Судьба многих и многих: этому неуверенному в правильности избранного пути человеку предчувствие приуготовило уже призвание в его духе, а ему приходится променять его для начала на отнюдь не желанную для него практическую специальность. Ибо с первого же мгновения ремесленный, школьный, врачебно-технический элемент медицинской науки мало привлекает этот склонный к универсальности ум. В глубине души прирожденный психолог, сам того пока еще не знающий, он инстинктивно пытается наметить себе теоретическое поле деятельности по крайней мере в соседстве с областью психики. Он, таким образом, избирает себе специальностью психиатрию и занимается анатомией мозга, ибо психология с установкой на индивидуальность, эта давно уже ставшая для нас необходимостью психическая дисциплина, в то время не преподается и не практикуется в медицинских аудиториях; Фрейду придется изобрести ее для нас.
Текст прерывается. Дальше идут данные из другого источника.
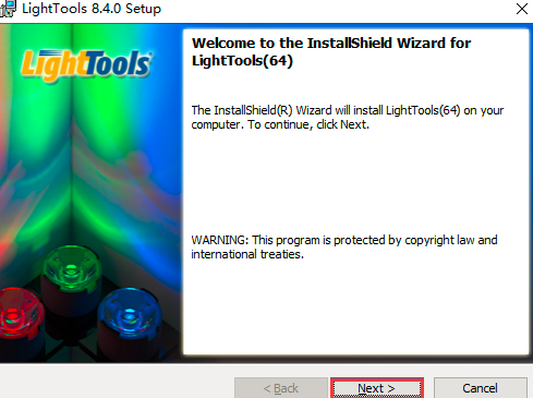 step 4 依赖包安装结束后,弹出LightTools的安装界面,点击Next按钮

Всякая душевная неуравновешенность понимается механически мыслящей эпохой исключительно как перерождение нервов, как болезненное изменение; непоколебимо царит ложное представление о том, что путем все более и более точного познания соответственных органов и на основе опытов с животными удастся когда-нибудь в точности рассчитать автоматику «душевной области» и регулировать всякое отклонение. Поэтому наука о душевных явлениях имеет своим поприщем психологическую лабораторию: люди думают, что исчерпывающим образом знакомятся с этой наукой, если при помощи скальпеля и ланцета, микроскопа и чувствительного электрического аппарата отмечают содрогания и сокращения нервов.
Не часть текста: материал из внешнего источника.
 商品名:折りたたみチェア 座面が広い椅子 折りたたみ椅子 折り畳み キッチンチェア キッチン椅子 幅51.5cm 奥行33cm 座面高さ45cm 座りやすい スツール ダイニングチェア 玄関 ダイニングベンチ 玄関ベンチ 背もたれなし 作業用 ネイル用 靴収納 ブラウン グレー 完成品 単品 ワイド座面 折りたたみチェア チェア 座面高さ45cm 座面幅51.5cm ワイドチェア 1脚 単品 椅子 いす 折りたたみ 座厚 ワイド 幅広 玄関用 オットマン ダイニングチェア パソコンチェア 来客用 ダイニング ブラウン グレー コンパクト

И Фрейду, таким образом, приходится на первых порах присесть к анатомическому столу и при помощи всевозможной аппаратуры доискиваться причинности, которая в действительности никогда не проявляет себя в грубой форме чувственного восприятия. Несколько лет работает он в лаборатории у знаменитых анатомов Брюкке и Мейнерта, и оба мастера своей специальности убеждаются вскоре во врожденном даре творческой изобретательности, присущем молодому ассистенту. Оба пытаются привлечь его как постоянного сотрудника в своей области; Мейнерт предлагает даже молодому врачу быть его заместителем по читаемому им курсу анатомии мозга. Но какая-то внутренняя настроенность, полностью бессознательно, этому противится. Может быть, уже в то время его инстинкт предчувствовал, как решится дело; во всяком случае он отклоняет лестное предложение. Однако проделанные им гистологические и клинические работы, выполненные с академической тщательностью, оказываются вполне достаточными для того, чтобы предоставить ему доцентуру по кафедре нервных болезней при Венском университете.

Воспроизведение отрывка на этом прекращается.